Fair weather in Trysil, Norway, throughout the week aided both spirits and efforts. Seigo writes, “One of the goals for KDE 4’s interface is to be more organic, which is to say to behave more like the real world which we are well adapted to. In keeping with that we went for a walk out to a meadow for one of our two group meetings today.” Work was done in a rustic Norwegian lodge selected to minimize distraction. Attendees enjoyed beautifulscenery and catered food. Nonetheless, World Cup fever prevailed midweek.

On Wednesday, a reporter for the Hamar Arbeiderblad, a local newspaper, visited the hackers. The paper was apparently responding to an alert made by a local KDE user, who also visited the group. The resulting article, ““Building the Future of Computing in Trysil,” can be viewed by paid users of the paper’s Web site.

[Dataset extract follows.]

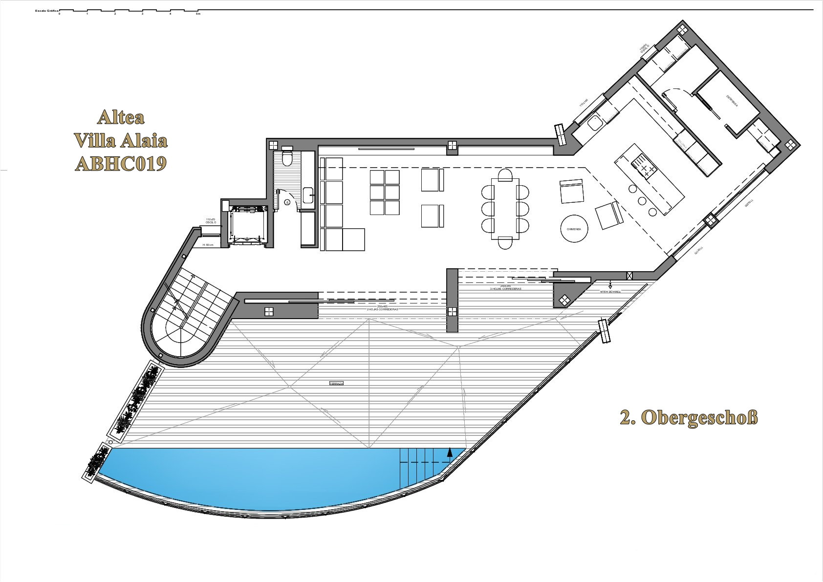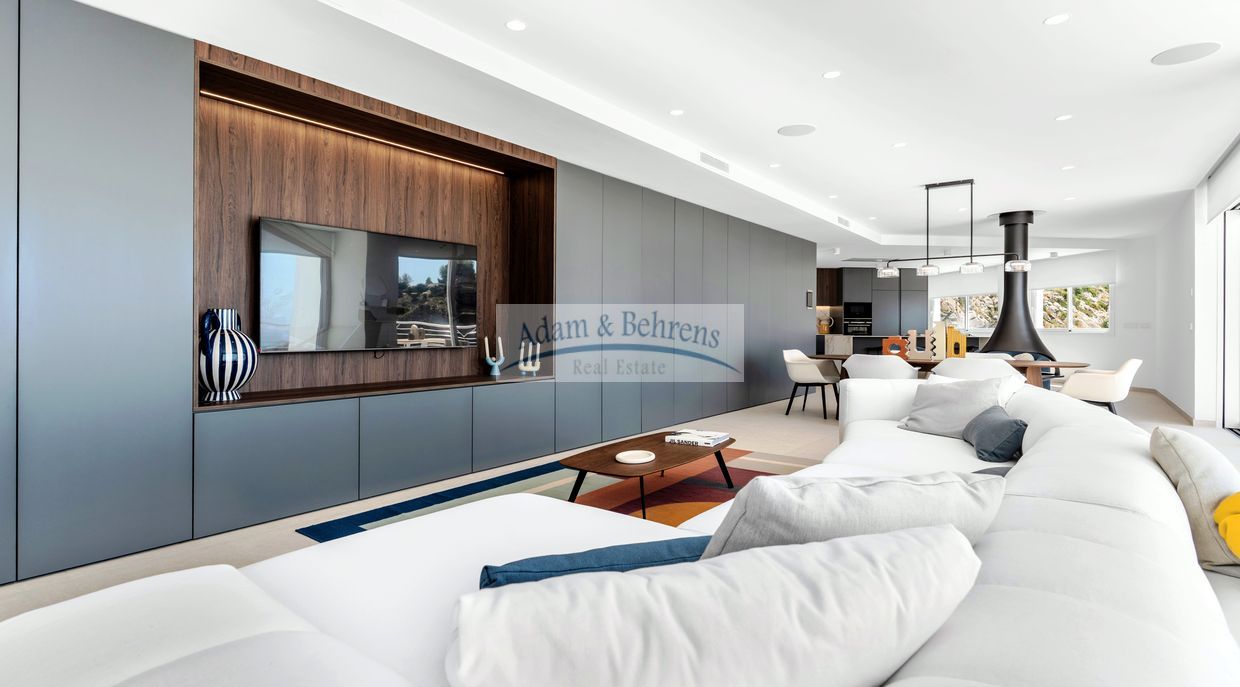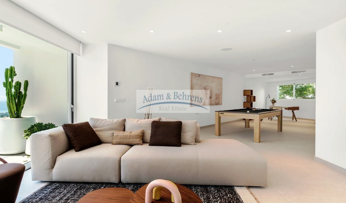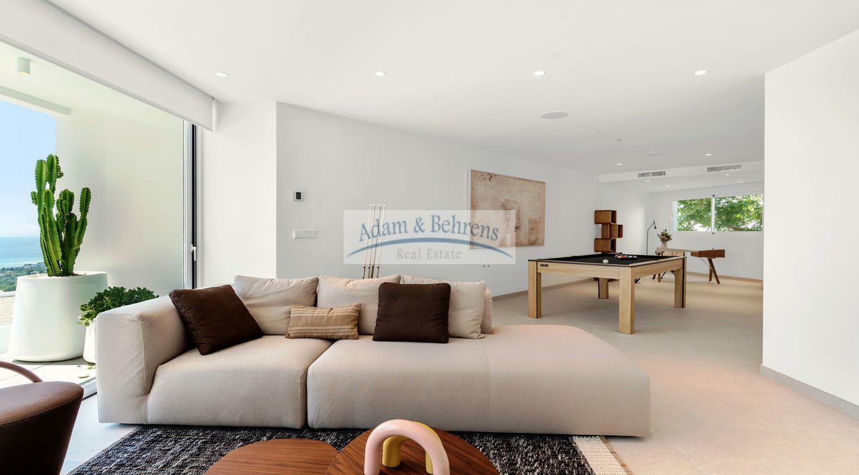 Auf einer bebauten Fläche von ca. 616 m² erwartet Sie ein spektakulärer Wohnbereich, der alleine schon ein eigenes Stockwerk einnimmt und direkt mit der weitläufigen Poolterrasse verbunden ist. Hier garantiert auch der Sommer-Essbereich mit BBQ unvergleichliche Momente unter der Sonne der Coasta Blanca oder in den lauen Sommernächten.
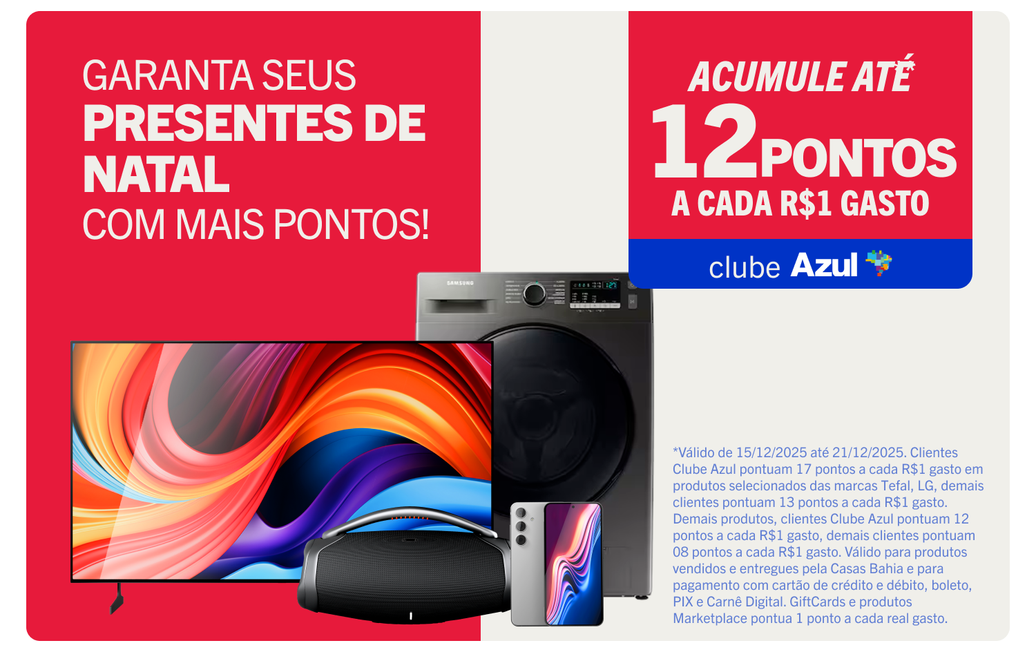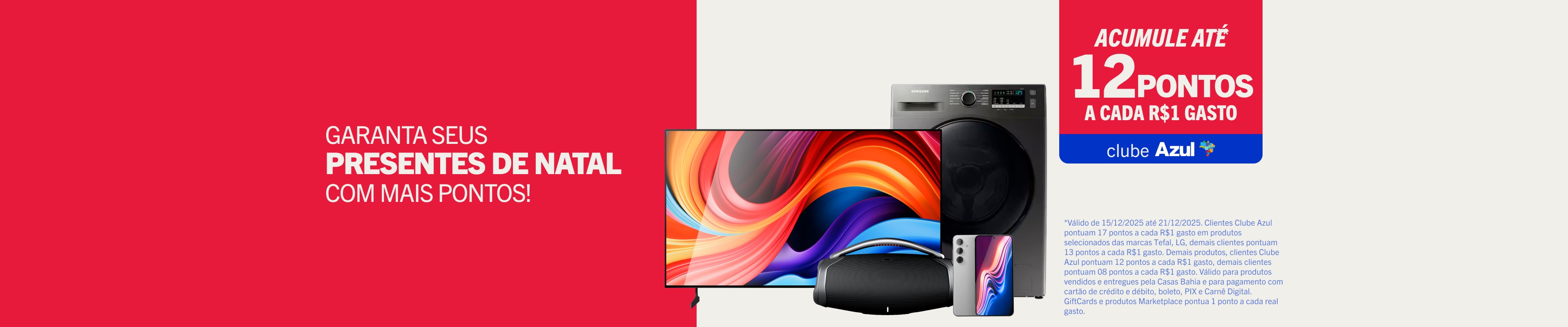 Os Pontos/Milhas adquiridas nas compras pelo Hotsite serão creditados na conta do Participante em até 15 dias corridos após a entrega do produto. A Casas Bahia e a Azul não se responsabilizam pela informação incorreta, pelo Participante, do número de CPF.

Hacking done at the meeting revolved around outfitting KDE’s low-level libraries for use in a new and modern desktop. Tasks involved in such a transition include implementing the cross-desktop standard communication tool DBUS to replace KDE 3’s DCOP, porting Qt calls to use the new version 4.2, and, of course, bug-fixing. Attendees also decided to remove a few dozen obsolete classes from within the code of kdelibs. With the libraries more or less functional, the team must decide how to evolve them to suit the needs of KDE 4. Seigo writes, “We had a couple of quite long meetings today about kdelibs: what should go into kdelibs; how should we handle the process of managing the public APIs; what are our goals and practices for binary compatibility … not trivial topics even if the questions are easily stated.”

Though the meeting focused on the fundamentals, the team could not resist working on and discussing some higher-level code. KDE’s Human Interface Guidelines and accessibility tools were topics of great discussion. KIO continues to be worked on, particularly its seeking feature, which was first written during the KDE Four Multimedia meeting. A redesign of the KJob class should also benefit KIO, which uses it extensively, as well as emerging technologies such as Akonadi and Solid. Akonadi is a forthcoming personal information management storage solution first proposed during January’s KDE PIM meeting.

To aid the switch to DBUS, attendees planned a graphical browser that will work much the same way KDCOP does today, allowing users to see all the information and settings that applications offer to each other. LiveUI looks to replace the GUI development tool XML GUI. A new composition manager is to be built into the KWin window manager to replace the independent kompmgr.

As attendee Kevin Ottens says, “We’ve still so much to do, but the improvements made in the last few days are really motivating.”